Kathy Kneer, CEO of Planned Parenthood Affiliates of California, acknowledges that the measure is an attempt to raise the reimbursement rates in Medi-Cal, which health providers for years have asked state lawmakers for, with no success.
“We’ve been on a starvation diet with these rates, they haven’t basically changed, and our costs go up every year,” said Kneer, adding that 90 percent of Planned Parenthood’s California patients receive Medi-Cal. “We need to have adequate reimbursement rates so we can continue to provide access to care for patients in the Medi-Cal program.”
Kneer says health insurance companies would likely receive tobacco tax money because they pay the doctors for about 80 percent of Medi-Cal patients. But the health plans must follow federal rules requiring them to spend most of that money on patient care, not profits, she said.
Proposition language suggests that payment increases in Medi-Cal likely would be targeted to specific areas of the program where patients have problems seeing doctors.
“To the extent possible,” the proposition reads, policymakers should increase payments that go towards “ensuring timely access, limiting specific geographic shortages of services, or ensuring quality care.”

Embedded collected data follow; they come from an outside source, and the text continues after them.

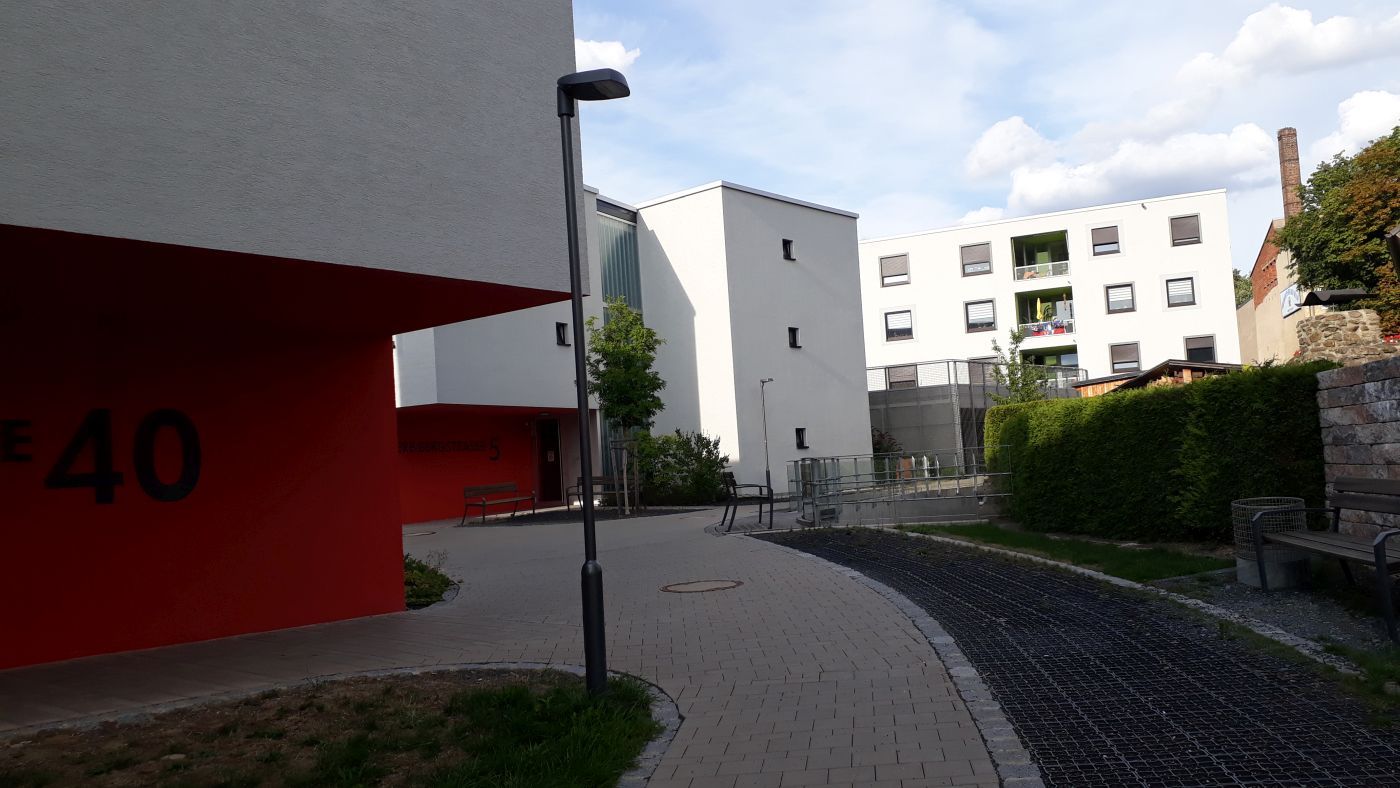 Mitten in der Altstadt von Selb in direkter Nachbarschaft zum Jugend- und Familienzentrum entstand auf einem Grundstück mit großem Geländeunterschied eine Wohnanlage mit 24 Wohnungen für junge Familien. Der Entwurf konnte mit drei locker angeordneten Baukörpern überzeugen. Die jeweils zwei-bündig organisierten Wohngebäude werden über ein Treppenhausatrium erschlossen. Differenziert gestaltete Platzbereiche und Wegeverbindungen sowie die Einbeziehung eines bisher verrohrten Bachlaufs eröffnen Möglichkeiten zum Spielen und Kommunizieren.
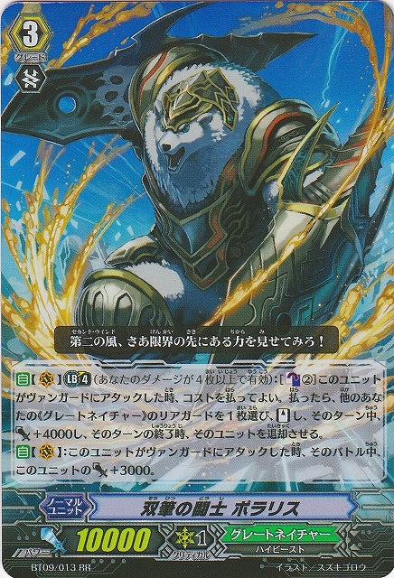 【自】【(V)】【リミットブレイク】(4)(あなたのダメージが4枚以上で有効):[【カウンターブラスト】(2)]このユニットがヴァンガードにアタックした時、コストを払ってよい。払ったら、他のあなたの《グレートネイチャー》のリアガードを1枚選び、【スタンド】し、そのターン中、パワー+4000し、そのターンの終了時、そのユニットを退却させる。【自】【(V)】:このユニットがヴァンガードにアタックした時、そのバトル中、このユニットのパワー+3000。
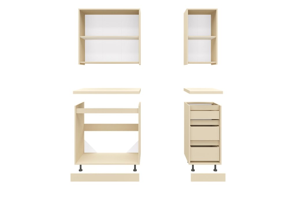 | Zostava obsahuje: | 1 ks horná dvojdverová skrinka 80 cm 1 horná jednodverová skrinka 40 cm 1 ks dolná dvojdverová drezová skrinka 80 cm 1 ks dolná skrinka so zásuvkami 40 cm |

The California Department of Health Care Services, which manages Medi-Cal, told California Healthline that it “it will consider how to best use the new funding in a targeted manner” but wouldn’t comment further on the initiative.
Other policy advocates for the poor agree that the tobacco tax funds should be used strategically to help patients who are having problems seeing a primary care doctor or specialist.
“To increase access in Medi-Cal, funds should be focused where access concerns are measured to be greatest,” said Linda Nguy, policy advocate with the Western Center on Law and Poverty. She adds that dental and mental health care are two areas where Medi-Cal access could be improved.
Health Access California’s Wright says the new Medi-Cal money would most likely be used for two things: restoring services slashed during the 2008 recession and increasing payments to doctors.
Podiatry, vision care and chiropractic services are just a few examples of benefits that were cut from Medi-Cal during the recession and are on Health Access California’s wish list of services to restore.
“You can’t make those investments unless there’s some money there to make it,” Wright said.
If Proposition 56 passes, a portion of the total new tobacco tax revenues, estimated at $1.3 to $1.6 billion in 2017-2018, the first year of implementation, would be locked in.
Before money can be spent on Medi-Cal, the University of California would receive $40 million to train physicians. Dental disease prevention efforts would be guaranteed ongoing funding, too. Medi-Cal would be funded with the remaining 82 percent of the revenues.